Stored data:
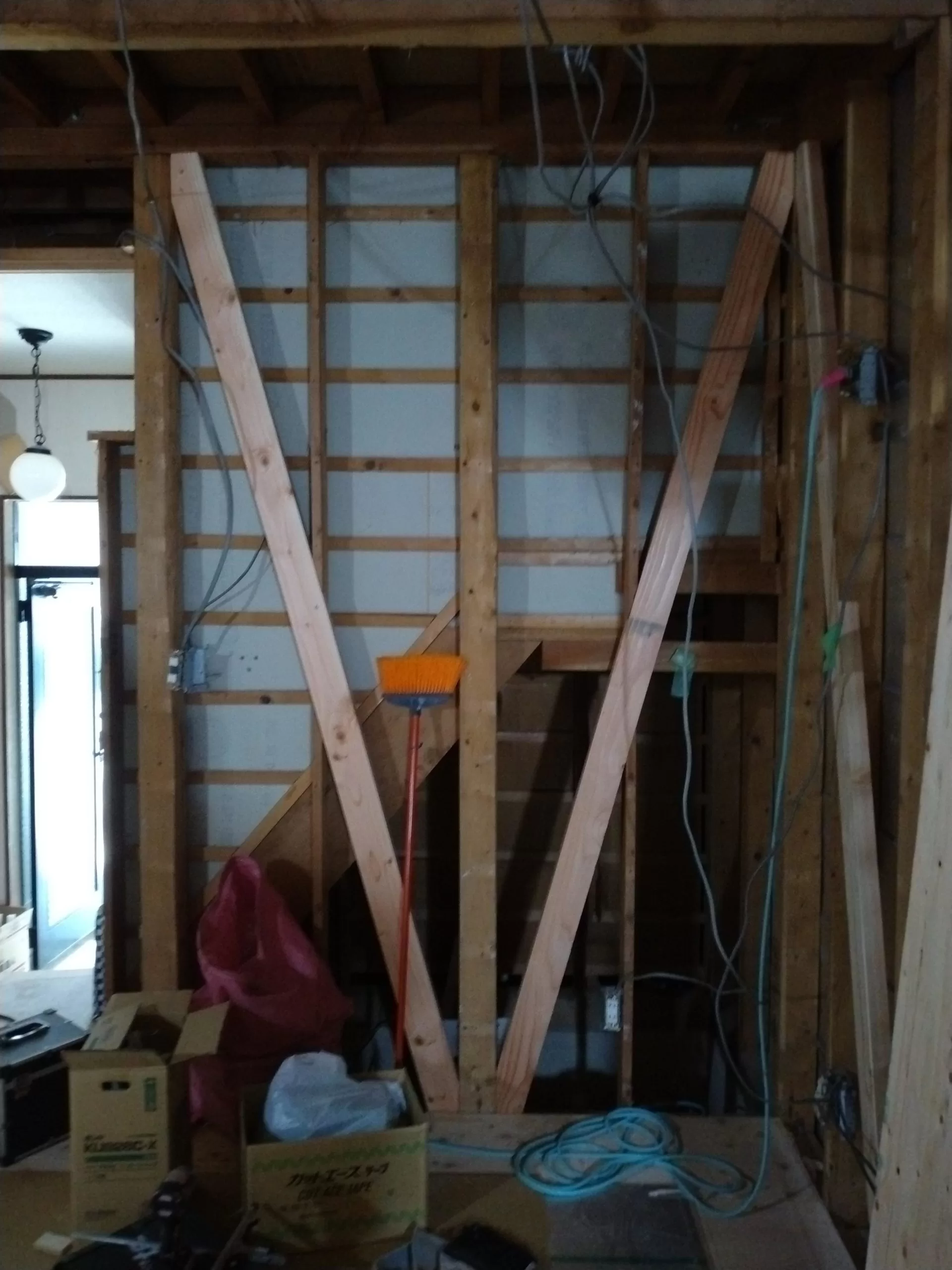 解体後、筋交いがあまり入っていなかったため、お客様に確認したあと、バランス良く筋交いを入れ、補強しました。
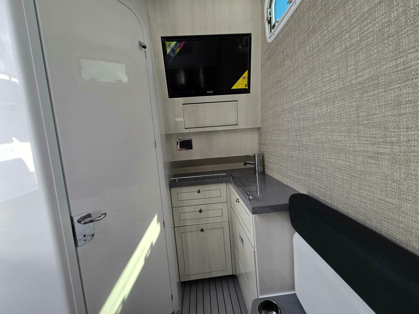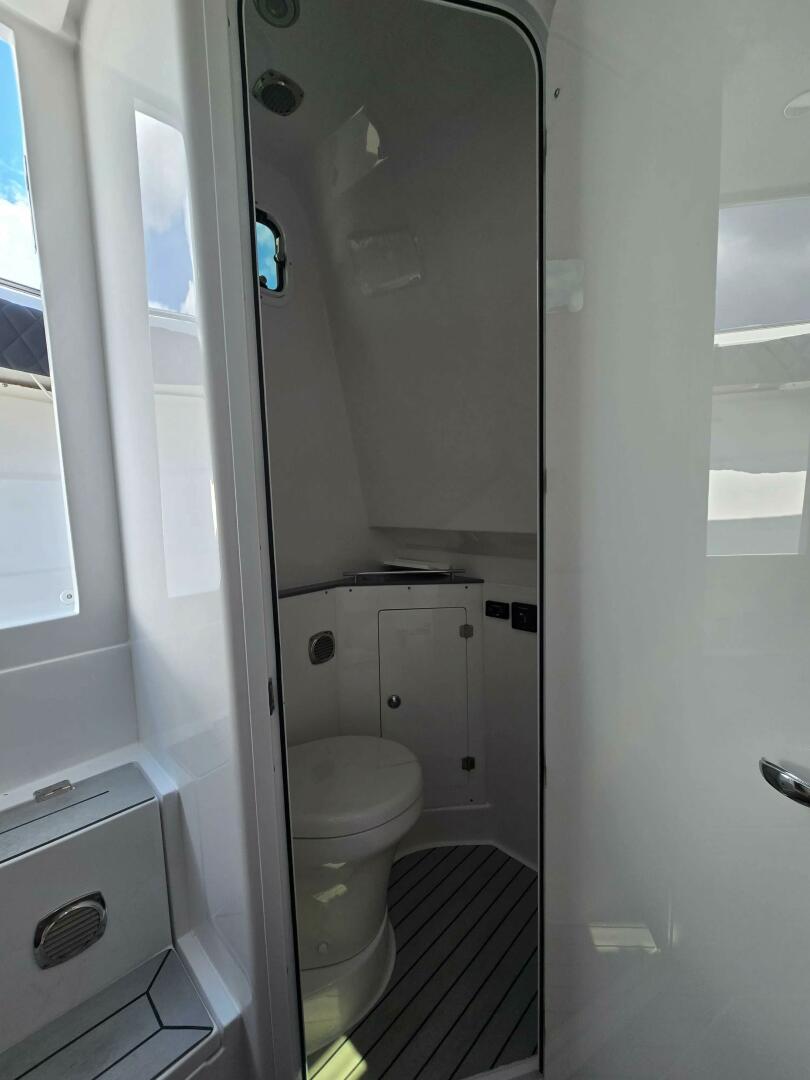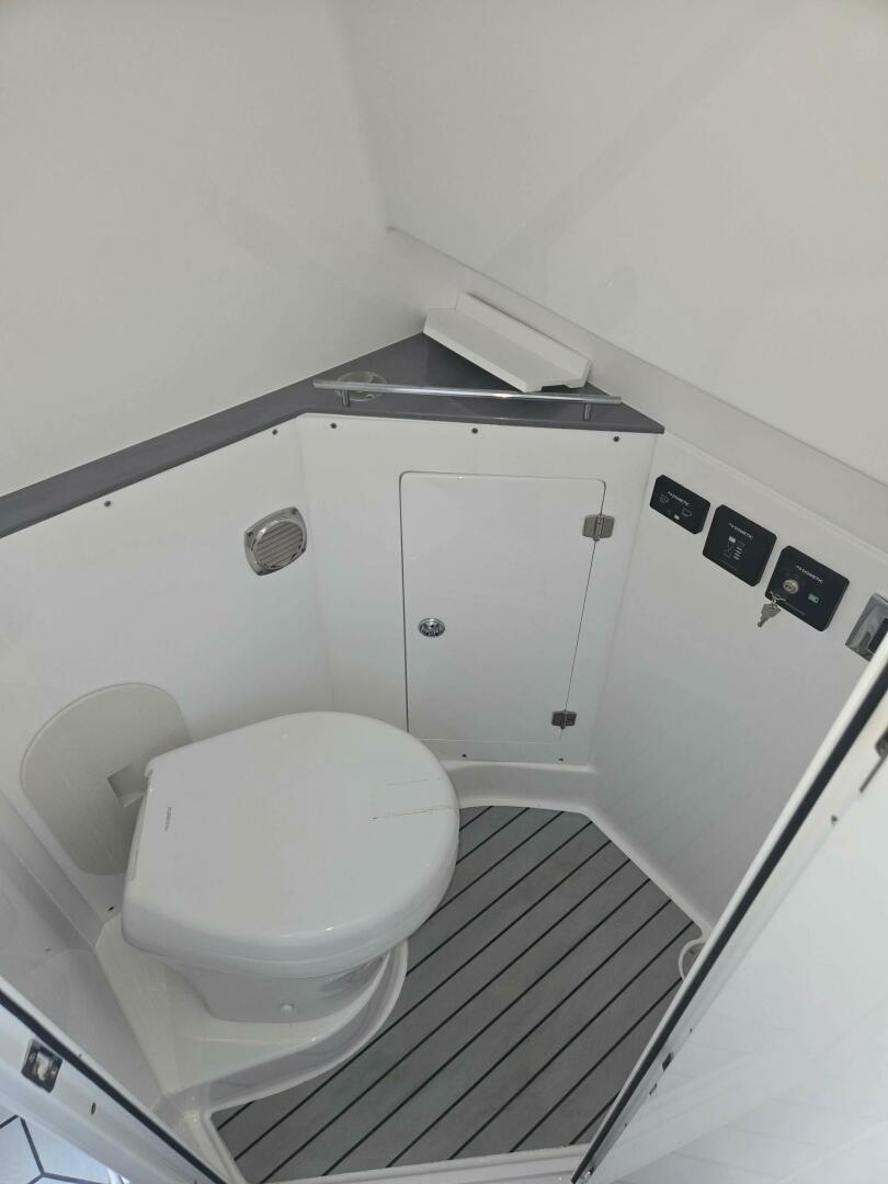 · Cabin – Enclosed Head Compartment with Ceramic Macerating Starboard side, Electric Flush Toilet with pump out and Pull Up Shower.
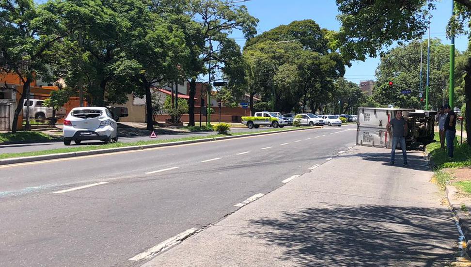 El golpe ocasionó, por un lado, el vuelco del vehículo de mayor porte, pero también hizo que el auto salte la platabanda y quede detenido sobre la acera que va hacia el cerro.
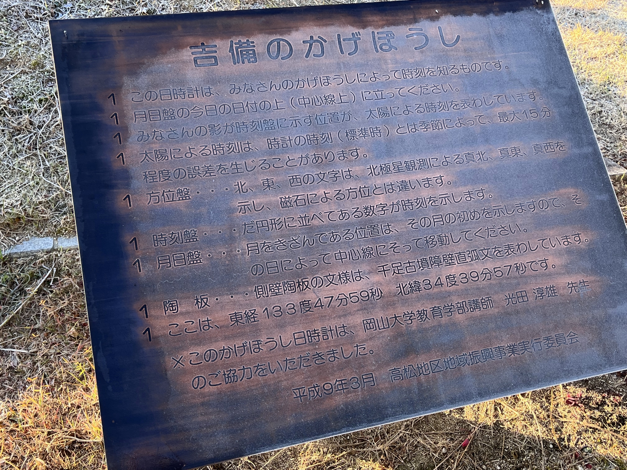 そして、造山古墳の近く~人が月名の位置に立つ事で、その影による日時計。ステキですね。
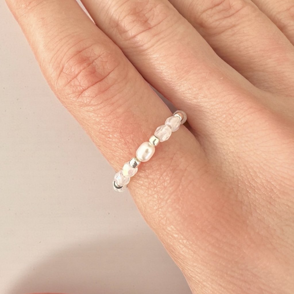 Jemný, elegantní náramek a prstýnek s pravými říčními perlami, skleněnými korálky z Jablonce nad Nisou a luxusními postříbřenými TOHO korálky.
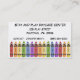 Dieses Ausrüstungsbeschreibungen einige glückliche Zeichenstifte. Besitzen Sie Ihr eigenes Kindertagesstättengeschäft? Diese niedlichen Geschäftskarten sind für Sie groß. Der TEXT kann mit Ihren eigenen Informationen besonders angefertigt werden, indem man zu den Textboxen geht und sie ändert.
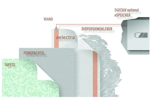 Aelectra ist eine perforierte Heizfolie aus Kunststoff und Carbon, die unsichtbar in Fußboden, Wand oder Decke installiert und mit Niedrigspannung versorgt wird. Die Folie erwärmt sich innerhalb einer Minute auf max. 33° Celsius und beheizt alle Räume bis zur gewünschten Temperatur. In Verbindung mit dem Stromspeicher aelectra+ und bei Nutzung von erneuerbarem Strom aus Wind oder Solar lässt sich die Flächenheizung zu 100 % mit Ökostrom betreiben. Damit ist Aelectra nicht nur besonders günstig im Betrieb, sondern auch vollkommen emissionsfrei.
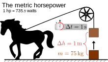 The dimension of power is energy divided by time. In the International System of Units (SI), the unit of power is the watt (W), which is equal to one joule per second. Other common and traditional measures are horsepower (hp), comparing to the power of a horse; one mechanical horsepower equals about 745.7 watts. Other units of power include ergs per second (erg/s), foot-pounds per minute, dBm, a logarithmic measure relative to a reference of 1 milliwatt, calories per hour, BTU per hour (BTU/h), and tons of refrigeration.
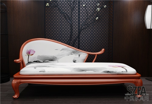 產(chǎn)品為現(xiàn)代中式風(fēng)格,材質(zhì)為緬甸花梨加水墨印花棉麻布。設(shè)計(jì)手法上在傳統(tǒng)明清家具的經(jīng)典形制上加入了一些現(xiàn)代元素,把圈椅舒適線條流暢的特征與羅漢床結(jié)合并配以水墨印花軟包,使之更加符合當(dāng)下人們時尚、簡約、舒適、的生活方式。
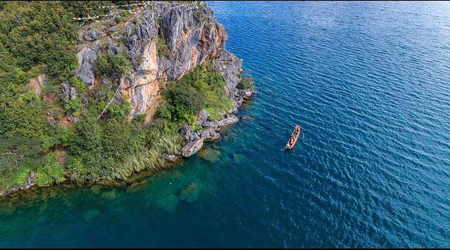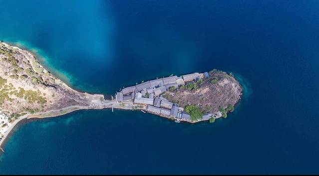 明信片上高产的标志性地,在岛上的观景台可以拍摄到泸沽湖的爱心形状,逕望湖景左右对称过去,这个小岛也有许多客栈,而且还有可以泊船的码头。
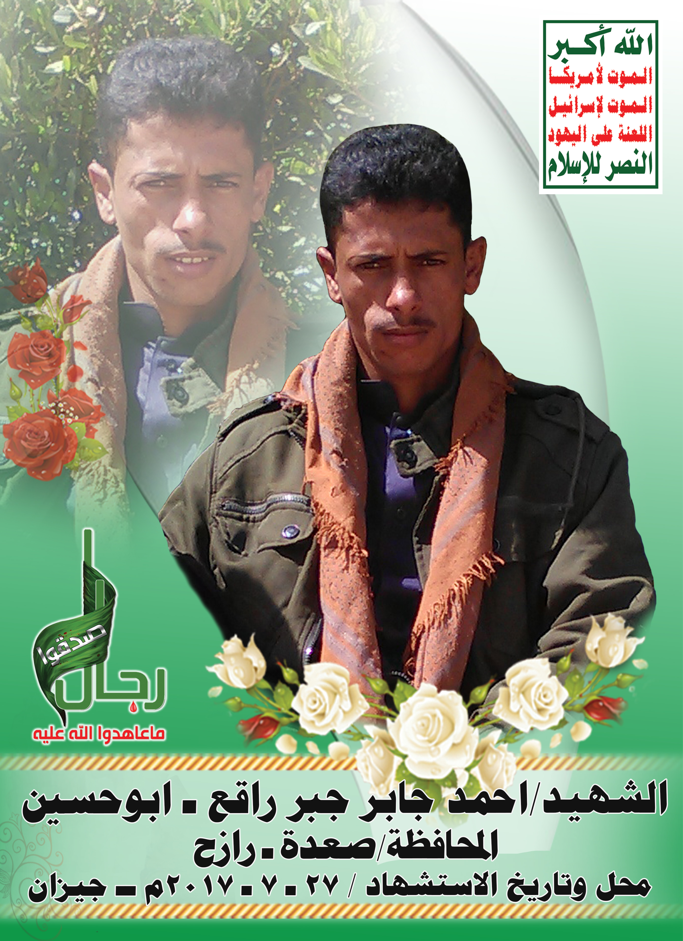 Actor أحمد جابر جبر راقع الرازحي Filmography الشهيد المجاهد: أحمد جابر جبر راقع الرازحي – أبو حسين المحافظة: صعدة المديرية: رازح – معركة النفس الطويل رقم الحافظة: 126478
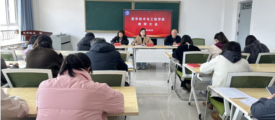 為統(tǒng)籌推進(jìn)新學(xué)期各項工作有序開展,醫(yī)學(xué)技術(shù)與工程學(xué)院于3月2日、3月4日組織召開行政工作會議和全體教師大會。學(xué)院領(lǐng)導(dǎo)、行政人員、教研室主任、實(shí)驗(yàn)實(shí)訓(xùn)輔導(dǎo)教師及全體專職教師參加了會議。
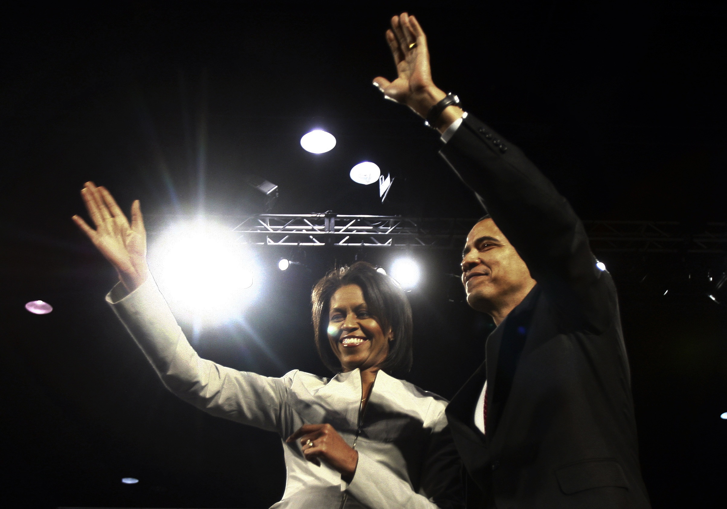 | US Democratic presidential candidate Senator Barack Obama (D-IL) and his wife Michelle wave at a campaign rally at the George R. Brown Convention Center in Houston, Texas, March 3, 2008. [Agencies] |
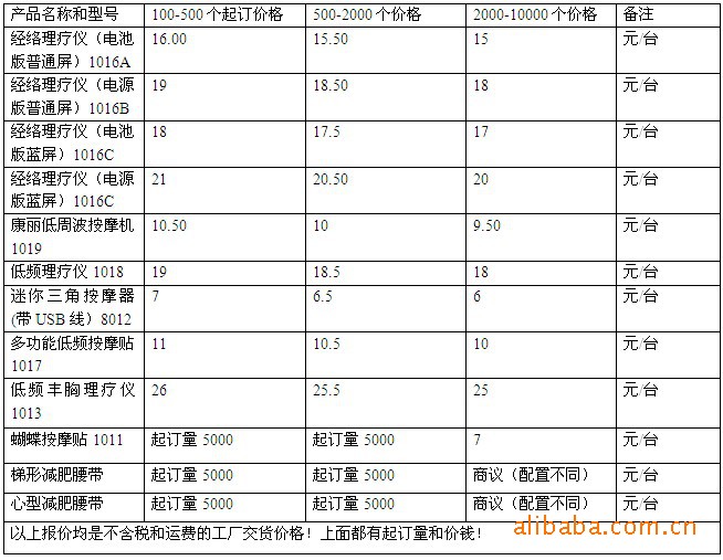 產品功能: 微電腦減肥瘦身腰帶擁有6種不同震蕩模式,10檔強度,讓脂肪相互撞擊,從而分解多余的脂肪,適合不同的人群需求 擁有碎脂機,從此減肥不用上健身房,不用節食. 能讓你在上班,購物,看電視,做家務...任何時間,任何地點都能使用. 不僅小腹,連大腿,手臂,臀部任何一處肥胖的部位都能使用.想瘦哪里就瘦哪里!整套產品包含: ①一個控制器 ;②一條束帶 ;③兩條可伸縮的綁帶 ;④兩粒電池;⑤100mL按[mo]油1瓶 。使用一粒CR2032鋰電池,產品操作非常簡便,只有三個控制鍵進行操作,而且程序會自動運行,當您選擇好鍛煉部位,打開電源,調節好強度后程序自動運行12分鐘,12分鐘后自動停止,如果您想繼續進行,請重新開啟。注意使用時必須貼著皮膚使用,而且使用時涂上按[mo]油效果更佳, 使用后一、兩分鐘內,可能會有不同程度的不適反應(如癢、麻、多汗)等感受,均屬正常反應。 1. 微電腦減肥瘦身腰帶有6種不同震蕩模式,讓脂肪相互撞擊,從而分解多余的脂肪; 2. 肌肉鍛煉單元工作時產生電脈沖; 3. 產品操作非常簡便,只有三個控制鍵進行操作而且程序會自動運行; 4. 注意使用時必須粘著皮膚,涂上瘦身精華素效果更佳,使用后一、二分鐘內,可能會有不同程度的不適反應(如癢、麻、多汗)等感覺,均屬正常反應。 技術參數: 外箱尺寸: 58.5*46.5*53cm 裝箱數量:80PCS
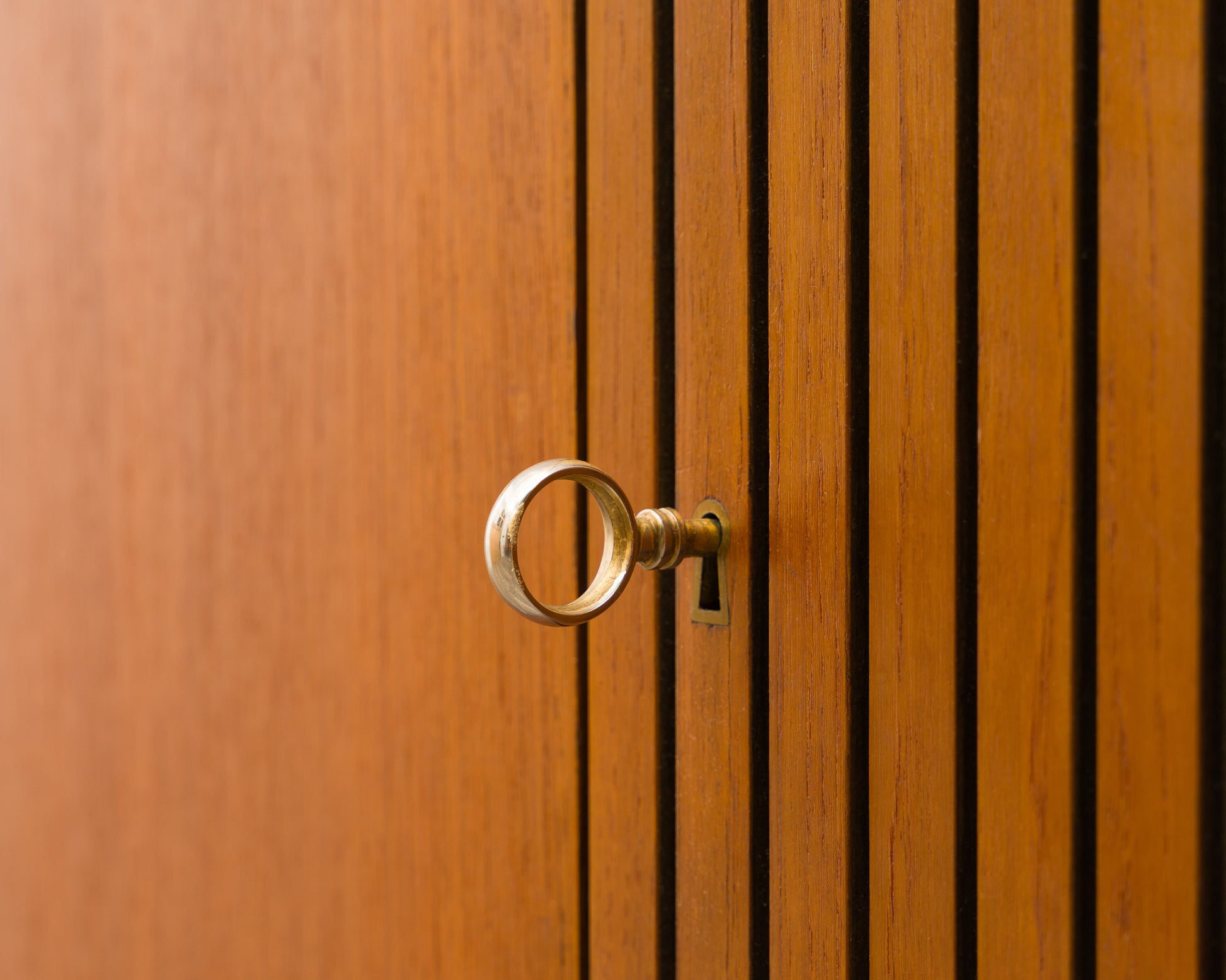 Grand buffet haut en teck avec portes cannelées, années 1960
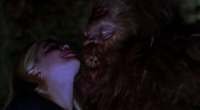 Quant au bigfoot, on revoit son gabarit nettement à la hausse, même pour lui. Dans son environnement naturel, il côtoie la cime des arbres et paraît avoisiner les trois ou quatre mètres de haut. À l’approche des chalets, cette démesure est retranscrite de manière correcte. Preuve en est avec une «défenestration» inattendue en milieu de parcours. Toutefois, quand ces attaques l’obligent à investir les lieux, sa taille rapetisse inexplicablement pour rentrer dans le cadre des pièces intérieures. Le procédé est aussi flagrant que grossier et ne rattrape en rien quelques assauts à l’hémoglobine timorée. Pour le reste, la bestiole porte bien son nom. Elle a néanmoins le mérite de nous épargner des images de synthèse immondes, le tout étant réalisé à partir d’animatroniques.
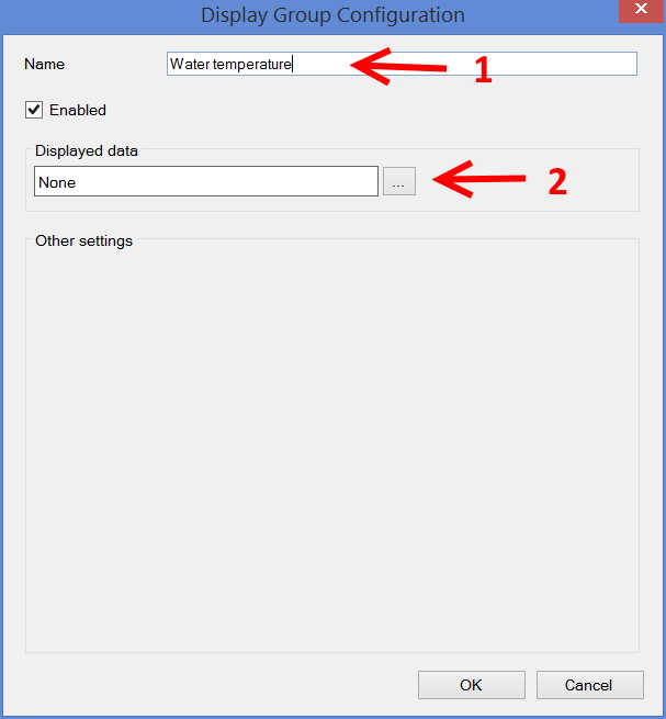 - Referring to the picture below, put a name in the textbox highlighted by arrow 1. It can be any text but it is easier if it describes the data value being displayed. Click the button highlighted by arrow 2 to select the data to display (water temperature in our case).

▸ **What to produce**
Quote the data above exactly from the line with "そして、造山古墳の近く~人が" to the line with "Jemný, elegantní náramek", both ends counted, and nothing else. Pictures don't go in.

▸ **Answer for the task**
 そして、造山古墳の近く~人が月名の位置に立つ事で、その影による日時計。ステキですね。
 Jemný, elegantní náramek a prstýnek s pravými říčními perlami, skleněnými korálky z Jablonce nad Nisou a luxusními postříbřenými TOHO korálky.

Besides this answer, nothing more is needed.